Friday, April 4, 2014

Of 10,885 Peer-Reviewed Articles on Climate Change in 2013, Only 2 Question Human Involvement

Dried Lake in Texas
(photo: Tony Gutierrez, AP)
ALLGOV | Apr 3, 2014 | Noel Brinkerhoff

James L. Powell is an MIT-educated geologist who taught students about the earth for 20 years at Oberlin College and served on the prestigious National Science Board at the request of two Republican presidents (Ronald Reagan and George H.W. Bush). He’s also a believer in human-made global warming, and has spent considerable time reviewing scientific and academic papers on the subject.

In 2013 alone, Powell found 10,885 peer-reviewed articles that discussed global warming or climate change. But only two described as peer-reviewed denied the widely-held belief that the planet is warming up because of humans, he says, and one of the two turned out not to be peer-reviewed.

One of those papers was produced by a Russian scientist, S. V. Avakyan, who claims global warming is a product of solar activity. Avakyan also says that calls for reducing the release of greenhouse gases into the atmosphere not only won’t help, but could cripple Russia’s economy and the oil industry. The other paper, published by a German chemistry publication, amounted to a one-page opinion piece that wasn’t peer-reviewed, according to Powell.

In addition to the more than 10,000 articles he found for last year, Powell says he’s reviewed more than another 15,000 papers on climate change. Of the grand total of 25,182 scientific articles he’s read, only 26 rejected the idea that humans are causing global warming.

These 26 papers do not offer a common, rival theory to man-made global warming, he says.
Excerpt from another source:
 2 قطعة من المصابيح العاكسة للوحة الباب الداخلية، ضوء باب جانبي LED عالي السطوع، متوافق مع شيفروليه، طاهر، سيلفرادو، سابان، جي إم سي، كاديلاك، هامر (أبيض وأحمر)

Instead, they amount to “a hodgepodge of alternatives, none of which has caught on. The dissenting articles are rarely cited, even by other dissenters. A groundswell this is not. The 26 rejecting articles have had no discernible influence on science,” he wrote on his blog.
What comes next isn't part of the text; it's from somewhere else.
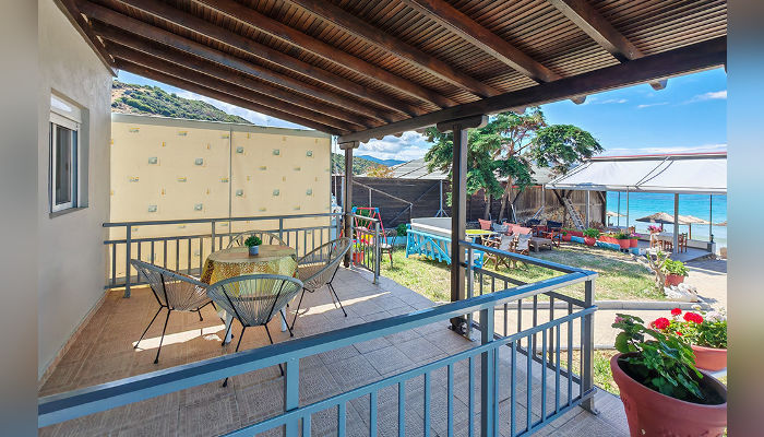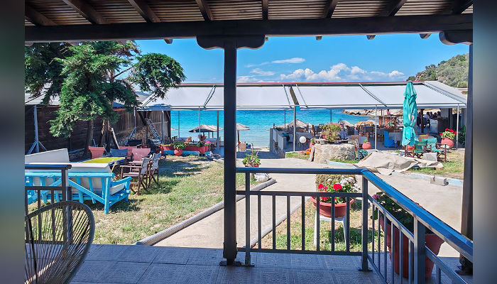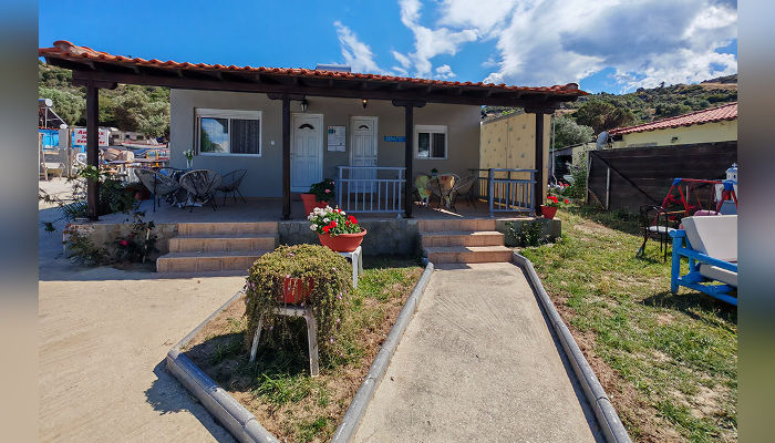 Ammos house се наоѓа на добро познатата плажа Климатариа, која спаѓа во редот на најубавите и најпопуларни плажи на цела Ситонија. Студиото и апартманот се наоѓаат на високо приземје и имаат директен поглед на море. Имаат клима уред, чие користење е вклучено во цената и сигнал за бежичен интернет, за чија брзина и проток агенцијата не може да гарантира. Позади куќата има простор за паркирање на возилата.

He further states that “the so-called debate over global warming is an illusion, a hoax conjured up by a handful of apostate scientists and a misguided and sometimes colluding media, aided and abetted by funding from fossil fuel companies and right wing foundations.”

Powell is not alone in claiming that conservatives and oil interests have tried to discredit man-made global warming.

Robert Brulle, a sociologist at Drexel University, and other academics published a paper late last year saying right-wing organizations had spent an average of $1 billion a year to support campaigns that attempt to refute the existence of global warming.

Brulle and his collaborators discovered more than 90 think tanks, advocacy groups and industry associations working to block action on climate change. The effort has been funded largely by conservative billionaires, such as the Koch brothers, using secretive funding networks to conceal their contributions.